## Problem description
Would you please copy the part of the material below that opens with the line containing "為便于供應(yīng)商及時" and closes with the line containing "أشاد وزير الدولة"? Copy it exactly, and only it.

## Data supplied

━━━━━━

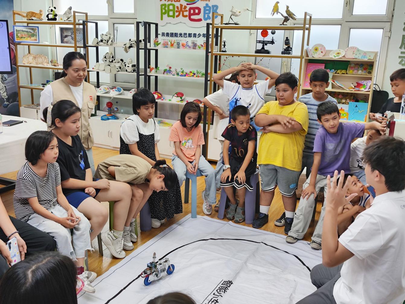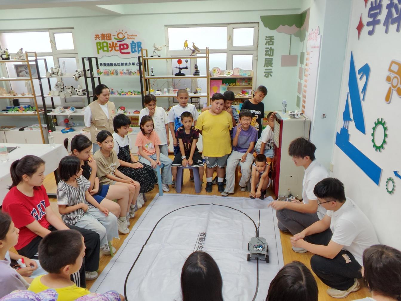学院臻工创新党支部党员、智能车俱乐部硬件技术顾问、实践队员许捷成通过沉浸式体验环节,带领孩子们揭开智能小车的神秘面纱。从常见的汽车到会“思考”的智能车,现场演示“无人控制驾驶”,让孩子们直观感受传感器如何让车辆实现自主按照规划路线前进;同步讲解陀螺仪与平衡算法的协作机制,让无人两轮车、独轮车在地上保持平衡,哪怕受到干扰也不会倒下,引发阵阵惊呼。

━━━━━━

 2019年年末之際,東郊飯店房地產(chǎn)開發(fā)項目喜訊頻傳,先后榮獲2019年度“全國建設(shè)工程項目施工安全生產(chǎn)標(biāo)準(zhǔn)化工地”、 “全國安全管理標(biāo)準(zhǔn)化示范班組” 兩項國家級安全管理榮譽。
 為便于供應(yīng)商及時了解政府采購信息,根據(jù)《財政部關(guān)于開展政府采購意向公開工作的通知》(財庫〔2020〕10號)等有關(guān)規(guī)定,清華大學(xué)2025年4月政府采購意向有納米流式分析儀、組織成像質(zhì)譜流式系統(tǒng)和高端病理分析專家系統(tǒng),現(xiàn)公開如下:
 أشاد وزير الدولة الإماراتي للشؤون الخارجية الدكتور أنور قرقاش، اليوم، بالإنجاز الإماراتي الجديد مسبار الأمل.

━━━━━━

## Expected answer
 為便于供應(yīng)商及時了解政府采購信息,根據(jù)《財政部關(guān)于開展政府采購意向公開工作的通知》(財庫〔2020〕10號)等有關(guān)規(guī)定,清華大學(xué)2025年4月政府采購意向有納米流式分析儀、組織成像質(zhì)譜流式系統(tǒng)和高端病理分析專家系統(tǒng),現(xiàn)公開如下:
 أشاد وزير الدولة الإماراتي للشؤون الخارجية الدكتور أنور قرقاش، اليوم، بالإنجاز الإماراتي الجديد مسبار الأمل.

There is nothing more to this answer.